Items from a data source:
= = = = = = =

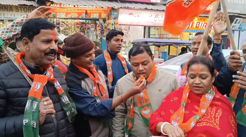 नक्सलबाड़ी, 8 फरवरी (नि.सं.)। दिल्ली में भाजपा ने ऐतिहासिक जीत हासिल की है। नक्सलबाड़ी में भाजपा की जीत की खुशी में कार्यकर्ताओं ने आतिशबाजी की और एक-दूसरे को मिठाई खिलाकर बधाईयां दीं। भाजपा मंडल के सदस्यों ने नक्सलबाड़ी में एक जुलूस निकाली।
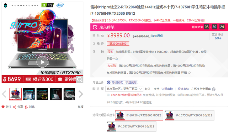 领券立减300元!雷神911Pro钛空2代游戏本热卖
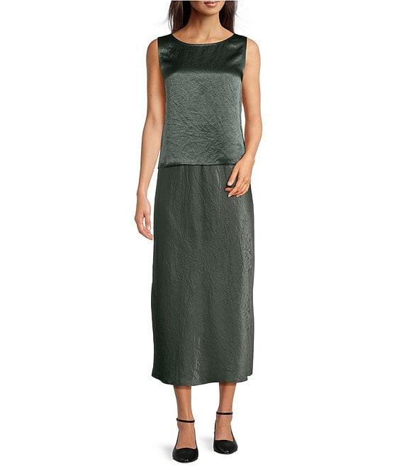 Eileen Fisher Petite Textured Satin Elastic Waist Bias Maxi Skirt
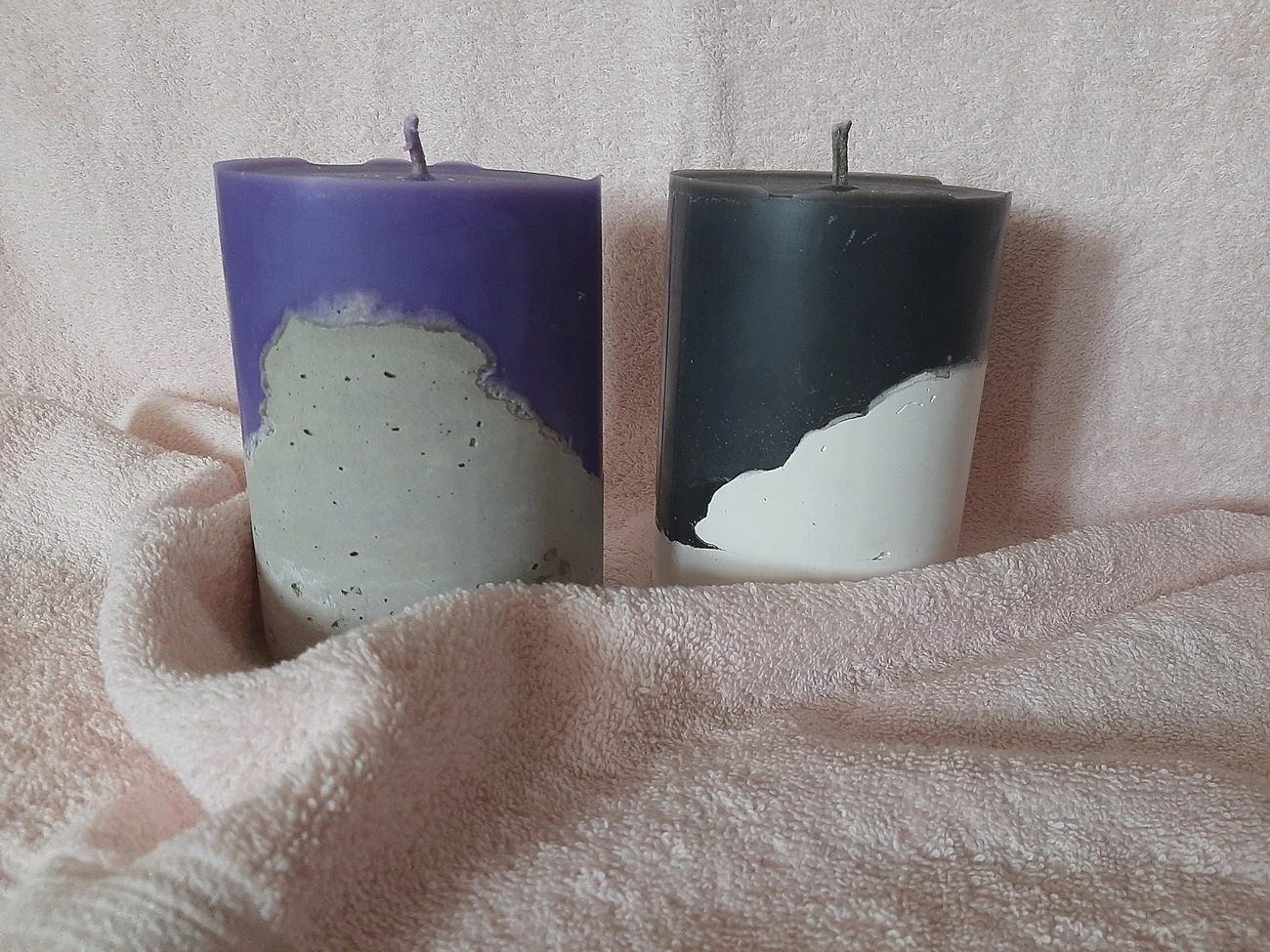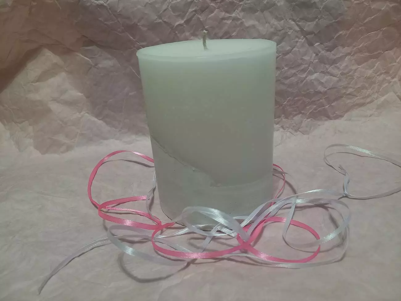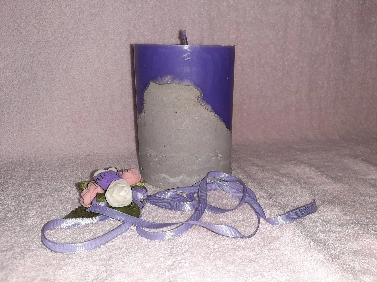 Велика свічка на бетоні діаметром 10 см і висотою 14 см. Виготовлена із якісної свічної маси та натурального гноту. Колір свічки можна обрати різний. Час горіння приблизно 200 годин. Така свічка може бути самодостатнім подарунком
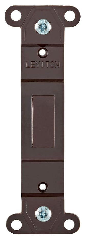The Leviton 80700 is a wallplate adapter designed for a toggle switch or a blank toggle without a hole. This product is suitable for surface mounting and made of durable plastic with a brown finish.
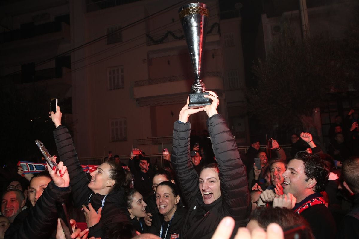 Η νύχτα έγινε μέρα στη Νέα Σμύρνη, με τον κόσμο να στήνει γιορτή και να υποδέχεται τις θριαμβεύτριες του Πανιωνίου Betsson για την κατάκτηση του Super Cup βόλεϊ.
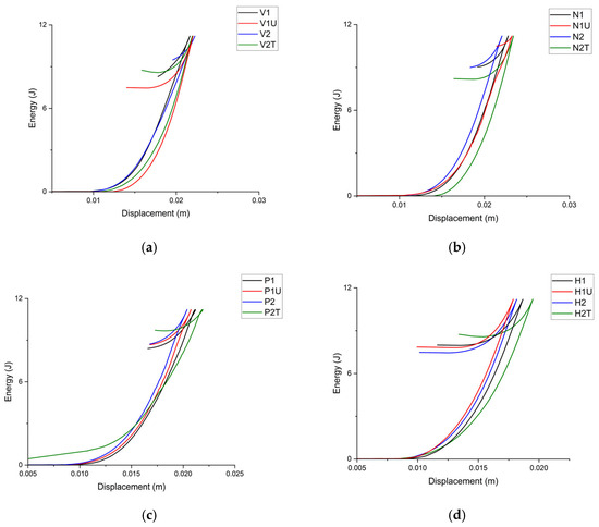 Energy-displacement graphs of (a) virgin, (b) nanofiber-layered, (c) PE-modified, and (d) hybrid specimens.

= = = = = = =

EXERCISE INSTRUCTIONS ▸
The records above are to be copied exactly, with no pictures carried over.

TASK SOLUTION ▸
 नक्सलबाड़ी, 8 फरवरी (नि.सं.)। दिल्ली में भाजपा ने ऐतिहासिक जीत हासिल की है। नक्सलबाड़ी में भाजपा की जीत की खुशी में कार्यकर्ताओं ने आतिशबाजी की और एक-दूसरे को मिठाई खिलाकर बधाईयां दीं। भाजपा मंडल के सदस्यों ने नक्सलबाड़ी में एक जुलूस निकाली।
 领券立减300元!雷神911Pro钛空2代游戏本热卖
 Eileen Fisher Petite Textured Satin Elastic Waist Bias Maxi Skirt
 Велика свічка на бетоні діаметром 10 см і висотою 14 см. Виготовлена із якісної свічної маси та натурального гноту. Колір свічки можна обрати різний. Час горіння приблизно 200 годин. Така свічка може бути самодостатнім подарунком
The Leviton 80700 is a wallplate adapter designed for a toggle switch or a blank toggle without a hole. This product is suitable for surface mounting and made of durable plastic with a brown finish.
 Η νύχτα έγινε μέρα στη Νέα Σμύρνη, με τον κόσμο να στήνει γιορτή και να υποδέχεται τις θριαμβεύτριες του Πανιωνίου Betsson για την κατάκτηση του Super Cup βόλεϊ.
 Energy-displacement graphs of (a) virgin, (b) nanofiber-layered, (c) PE-modified, and (d) hybrid specimens.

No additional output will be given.